Лесогорская ветка открылась в теплый февральский день. С утра уже стало известно, что первый состав от магистрали пойдет с особой шихтой, какой еще не получали лесогорские мартены, — едут десятки вагонов с трофейным танковым ломом.

До магистрали было двадцать километров. Со всех деревень и поселков люди сбегались к железнодорожному полотну, чтобы встретить первый поезд. Больше всего народу собралось на широких просеках под Лесогорском, на местах горбатых чащоб.

Какой-то шустрый мальчишка, взобравшись, как белка, на сосенку, возбужденно крикнул:

— Едет, едет!

Из-за косматой кромки леса взлетел черный клубок дыма, и вскоре показался высокий меднозвездный корпус паровоза.

Тысячепудовый состав, тяжело громыхая, катился по новеньким рельсам. В темную ночную пору весь этот чужеземный металл, сожженный и насмерть исковерканный меткой работой советских артиллеристов и танкистов, наверное, походил бы на уродливый и отвратительный кошмар. Но сейчас, в беспощадном свете солнечного дня, было видно все: рваные пробоины в толстой броне, развороченные внутренности фашистских чудовищ, сорванные башни, дверцы люков, разбитые гусеницы… Это тяжелый истребительный труд всенародной войны посылал в уральские леса овеществленную весть о себе и суровый дар своим помощникам.

Михаил Васильевич, провожая глазами платформу за платформой, как-то особенно четко слышал перестуки колес и звон рельсов этого нового пути, в рождении и победе которого, вместе с тысячами людей, участвовал и он. Эта железная жила, соединившая завод с главной магистралью великого Уральско-Сибирского пути, расширяла мир вокруг Лесогорска, но и несла с собой новые заботы и обязанности: ее надо было питать грузами и принимать их от нее. Она властно входила в жизнь завода, как сложное и требовательное хозяйство, со своими самостоятельными задачами, трудовыми порядками и людьми. Директор уже прикидывал и высчитывал, как и здесь ему «выкрутиться». У него уже был заместитель, свой, заводской, как он и мечтал осенью сорок первого года.
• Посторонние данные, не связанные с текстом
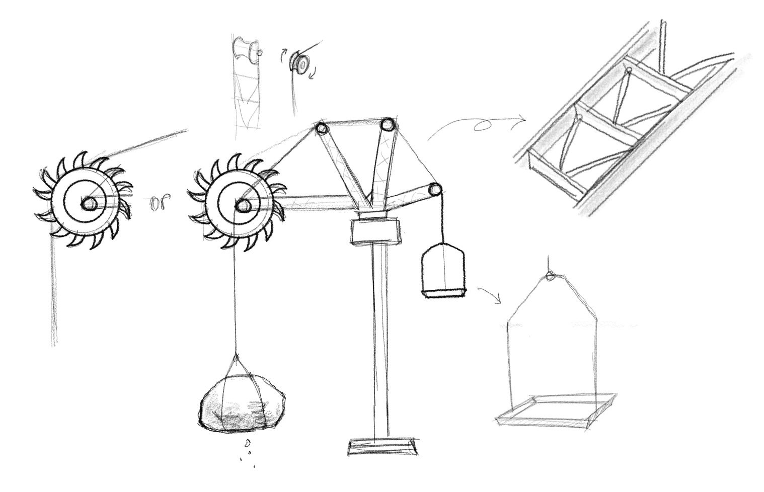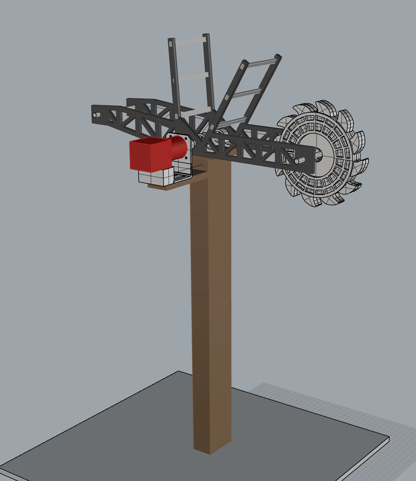 The arms holding the rock and tray were designed in Rhino 3D and laser-cut from 6 mm plywood (Figure 20). On the rock side, 3D-printed bucket-wheel props rotate slightly as the arm moves up and down. Steel balls were placed inside the buckets to produce a satisfying sound and to shift weight naturally, without requiring an additional motor.

Инженера Тербенева он всегда считал довольно способным человеком, но в сравнении с Николаем Петровичем все в новом заместителе казалось Пермякову бледным отражением того, что могло быть. «Не едет Назарьев: видно, что и вообще сюда не вернется…» — подумал он. Пермяков представлял, как бы сейчас зоркая, гибкая мысль Николая Петровича помогала ему в этом новом хозяйстве, сколько бы остроумно неожиданных и в то же время точных решений он придумал… Да ведь и сама ветка — создание, прежде всего, его энергии, его организаторского таланта. Пермяков чувствовал, как в нем, сложившемся человеке, жизнь что-то перестановила, обновила, расправила, заставила страдать, чтобы напомнить ему простую истину, что движение и перемена всегда идут вместе.

Пластунов, стоя невдалеке, посматривал на Михаила Васильевича, на топорщившиеся его сивые усы и, как бывает часто с людьми, занятыми общим делом, перекликался мыслями с Пермяковым. Парторг видел своеобразную «печать эпохи» на всех событиях, в которых он участвовал: грозное время, жизнь, неустанно развивающаяся, меняющая свой цвет и облик, вечно молодая, могучая советская жизнь, сейчас, как никогда еще, оказалась сильнее и чище человеческих страстей и страстишек, ошибок, житейской суеты. Дмитрий Никитич видел, как на лицах всех людей, встречающих первый поезд по лесогорской ветке, живет братская радость борьбы, преодолевающей все препятствия.

Когда поезд с трофейным металлом подкатил к приемной площадке, недалеко от нового мартена, первым выбежал из цеха Василий Лузин — горячий, чумазый, только от печи.

— Вот это дело! Вот кого, значит, будем жечь! — в совершенном восторге закричал он и даже завертелся на пятке, ловкий, озорной, похожий на раздувшегося черта.

— Эк, забрало тебя! — проходя, бросил Нечпорук.

Буйная веселость парня выводила его из себя. Он лишился первого подручного: вчера вечером начальник цеха заявил ему, что Лузину будет поручено самостоятельно вести бригаду. Молодой парень, которого Нечпорук обучил всему, что сам знал, «так подло изменил» ему, своему бригадиру, что об этом «Саша с-под Ростова» и подумать спокойно не мог…

Лузин, уже оформленный по всем статьям как бригадир, должен был приступить к первой самостоятельной плавке, о чем он торжественно и заявил Нечпоруку в тот же день за обедом.

— Бессовестный ты человек! — вспылил Нечпорук.

— Да что такое? — невинно изумлялся Лузин. — Не я первый, не я последний. Ты, чай, было время, тоже от старшого оторвался, чтобы на своих ногах стоять.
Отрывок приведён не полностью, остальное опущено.